From start to finish, the race was marked by intense racing up and down the field.

This pit stop turned out to be the cornerstone for the rest of our race because of how the tires looked after they came off the car.  Nick had been complaining that the car was very tight in the center moving to loose-off as the banking fell away.  Typically, this is a sign that the crossweight is too high for Nick’s driving style, so I checked the temperatures.  As it turns out, the left-rear and right-front tires were hotter than the left-front and right-rear, so I scheduled a wedge adjustment for the next stop to counter that issue.  However, after only five or six laps, that option got axed when Nick said, “Splitter’s hitting the track.”  Some of you may remember the 2013 Homestead race, some may not, but here’s the short version:  Nick’s car hit the splitter at Homestead, too.  I adjusted the crossweight to help the car’s handling and wound-up taking a car that was in the lead and making it so that it had no chance of being in the lead.  That crossweight adjustment also adjusted the ride heights in the front of the car and caused the splitter to hit even harder than before, thus giving Nick even more push despite removing wedge from the car.

Three-wide was common everywhere on track. Here Josh Berry (88), Ray Alfalla (2) and Thomas Lewandowski (16) battle into Turn Three.

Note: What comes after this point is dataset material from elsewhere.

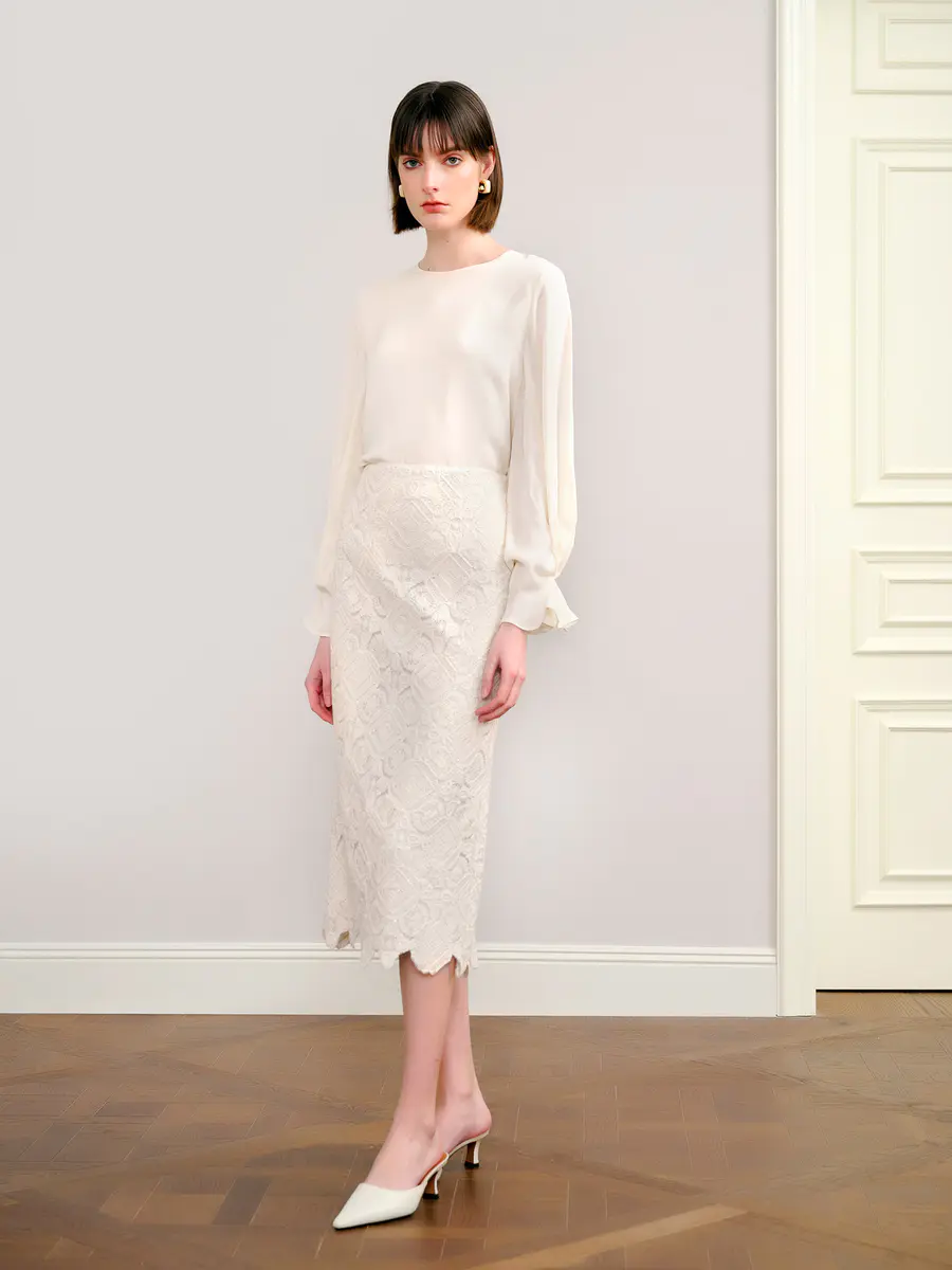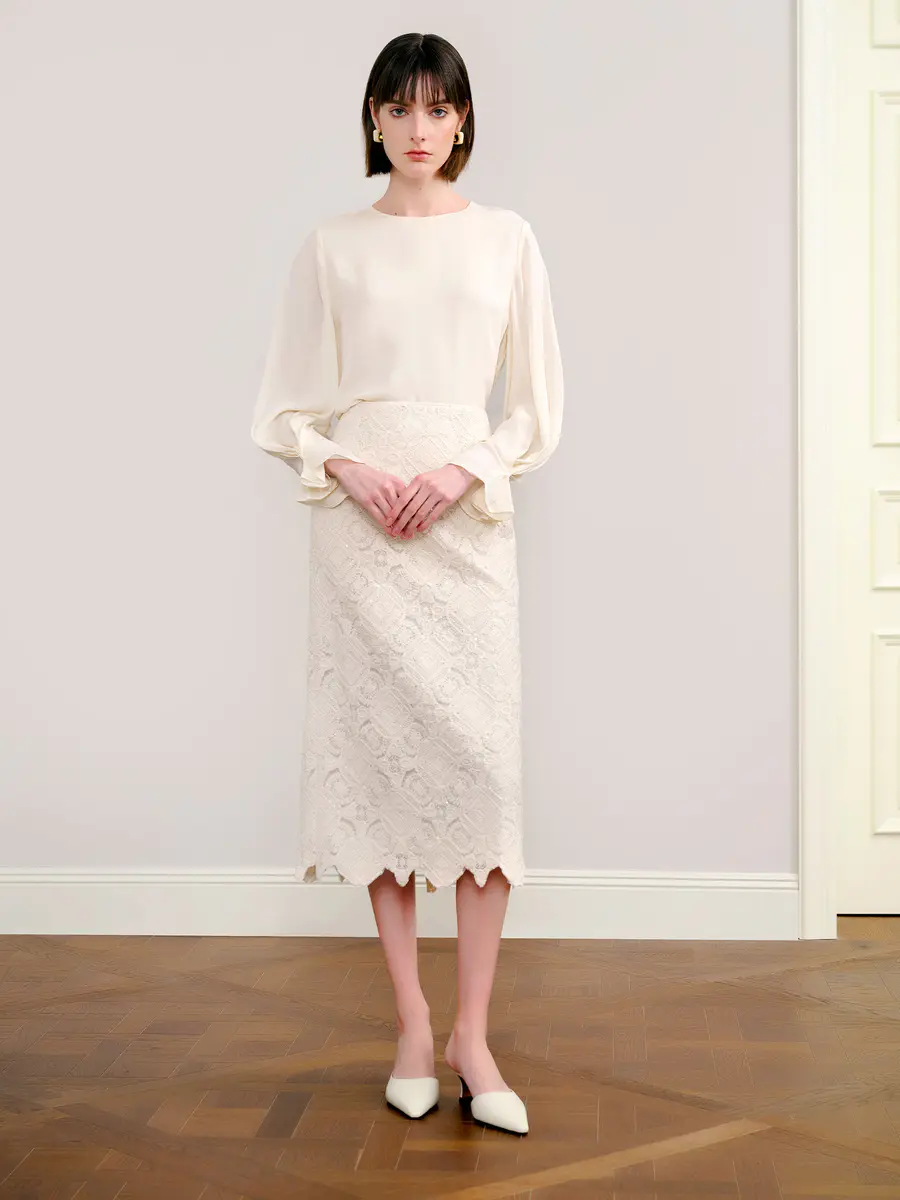 搭配蕾丝直筒裙

With the crossweight adjustment banished from this race, I asked Nick to dial-in some rear brake to help free up the car on entry as well as removing some of the brake pressure on the front.  This shift rearward allowed him to use the brake less, causing the right-front not to build up pressure as fast and delaying the tight-center condition he saw earlier.  It worked, but only a little.  The car still hit the splitter on the track hard, and there was no way to avoid it . . . or fix it.  Despite that, Nick took the lead and I started working on our final pit stop.

Like in Daytona, I expected everyone to run a long final stint and pit with 10 or so laps remaining.  But also like Daytona, I was wrong.   Again.  It wasn’t long after Nick took the lead that drivers started pitting, and with the extra speed from new tires, we were going to be forced to pit sooner than we expected as well.  I wanted to go to Lap 159, but once cars started driving back onto the lead lap, I told Nick that we had to pit immediately.  We needed a short stop as well because we waited so long, so a four tire stop was out of the question.

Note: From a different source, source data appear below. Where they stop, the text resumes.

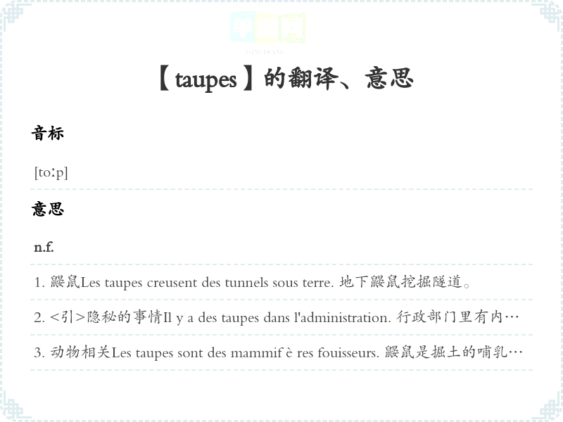 【taupes】 助记:、 词根:、 联想、 名词化:、 词化:、 形容词化:、 近义词、 反义词、 同音、近音词 联想词
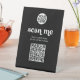 This trendy, boho black small business tabletop pedestal sign features white retro typography, on a dark black background. There is room for your logo, and a scannable QR code for any purpose. Add any QR code that you wish, and change the text accordingly. A look that is both professional and stylish, and perfect for any type of occupation, such as makeup artist, hair salon stylist, spa, and more.
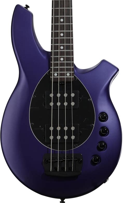 Sterling By Music Man Bongo Electric Bass Guitar - Firemist Purple Satin Electric Bass With Mahogany Body, Maple Neck, Rosewood Fingerboard, And 2

Along with everyone else in the race, Nick was unafraid of side-by-side racing, going four-wide despite Adam Gilliland (8) being sideways.

The car was still very tight, so we decided on two tires to free it up over the final 15 laps.  We did the same thing at Homestead and it freed up the car too much, making the car nearly un-drivable.  The same thing happened tonight at Las Vegas.  I gave Nick enough fuel to get to the finish and set the right-side tires to be changed.  Once he got up to speed though, it was very clear that the two tires loosened up the car too much yet again, and Nick had no choice but to start letting faster cars pass.  Our car was just too loose, and it was not good enough to compete with the cars coming by on fresh tires.

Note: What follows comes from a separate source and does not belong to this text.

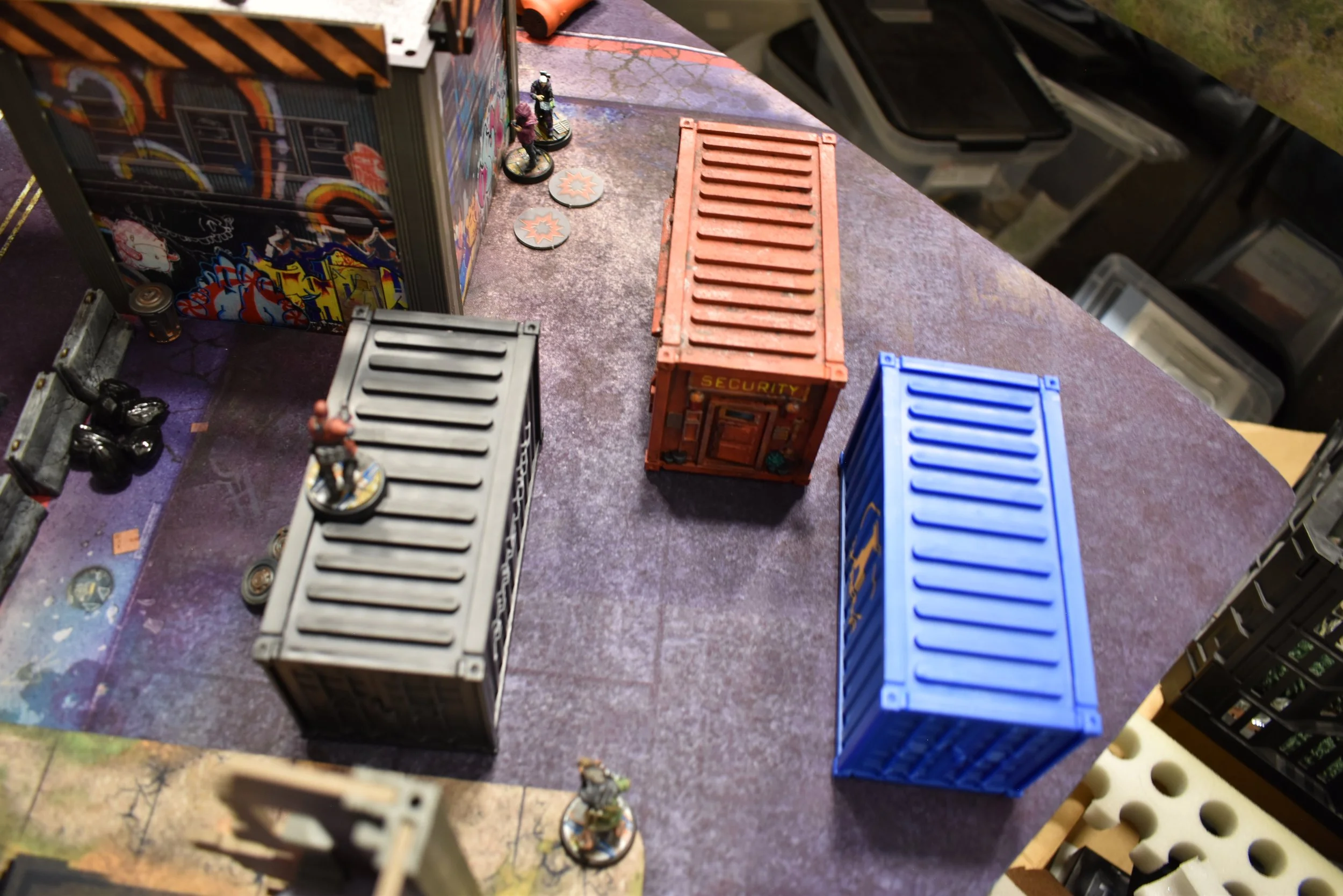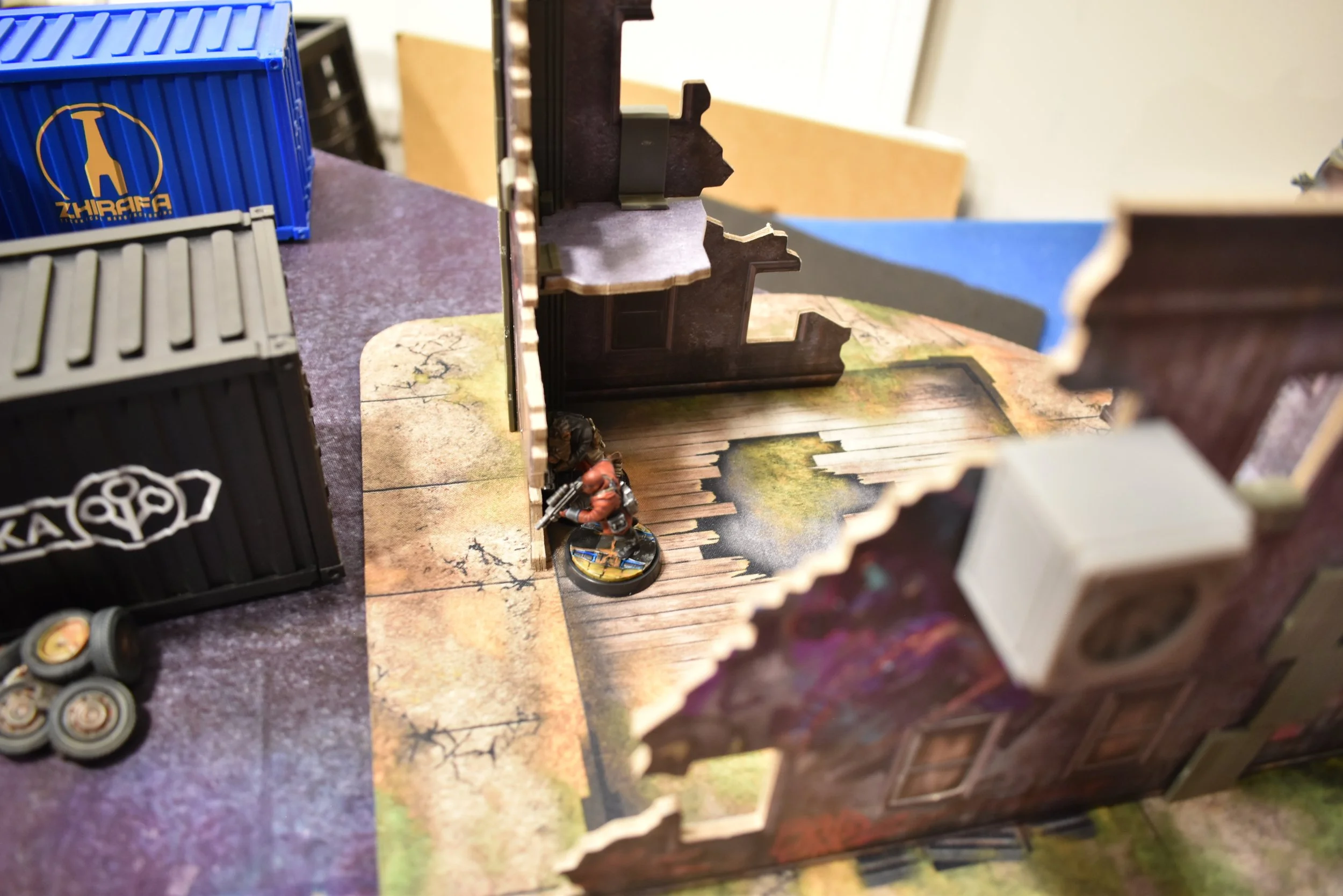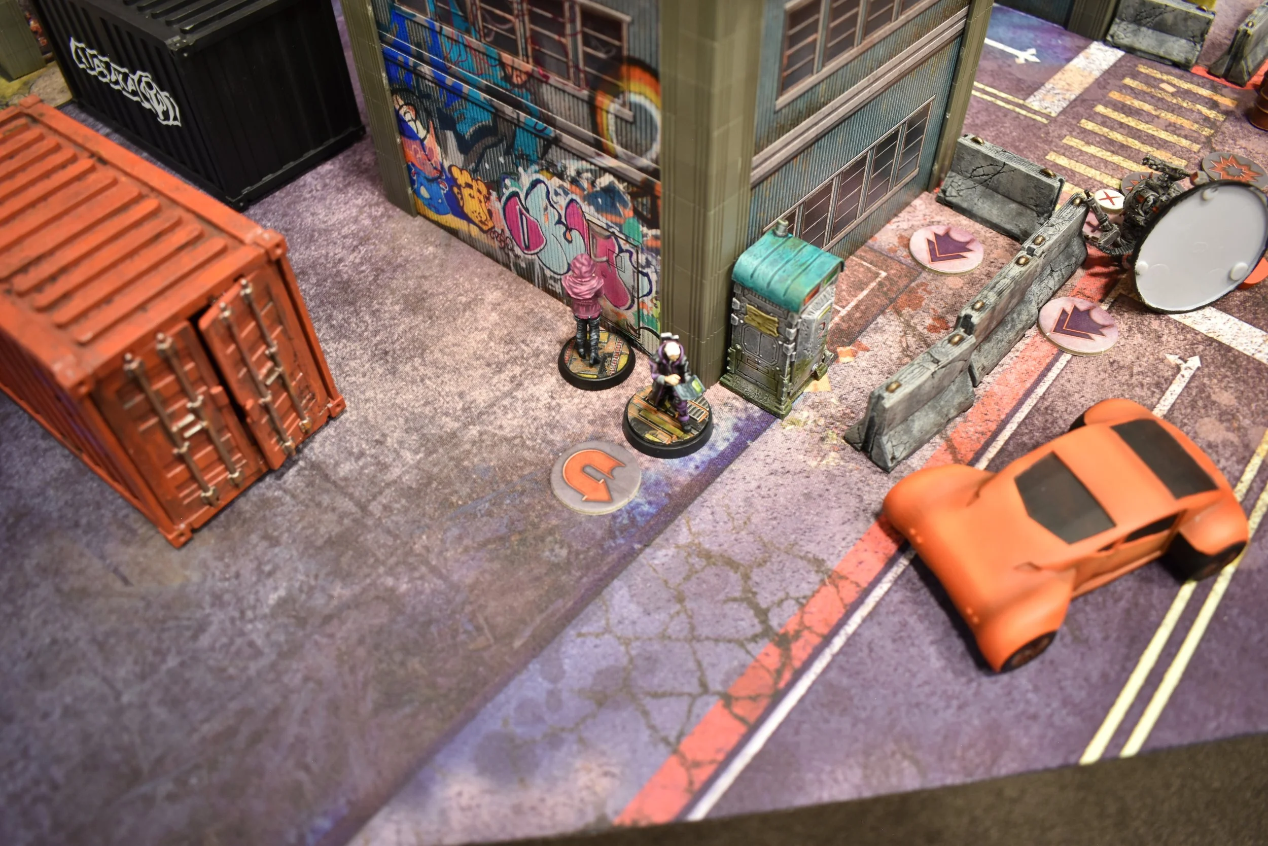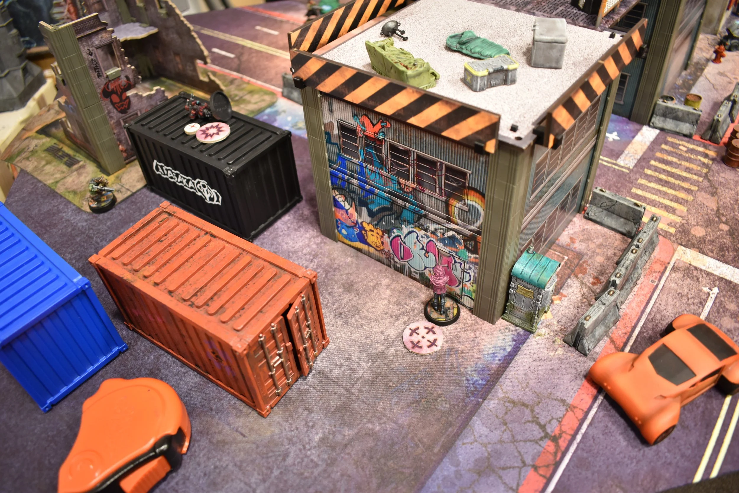 Slow Phase: Cade stood still to shoot, gaining an aiming reroll and scoring two hits on the Security Bot, bringing its total stuns to three and taking it out of action. On the right flank, Rin used her grappling hook to jump onto a container and take a shot at the priority target but missed. Krag ran around the corner with an aimed shot but also missed.

We finished a respectable 10th place.  Not too shabby considering where we started.  Considering what happened last year, we’ll gladly take 10th place.  Nick literally passed every single driver who participated in tonight’s online race, netted a few bonus points, and showed that we still have the ability to take a bad situation and turn it into a decent finish . . . even if our driver was something like 2000 miles away!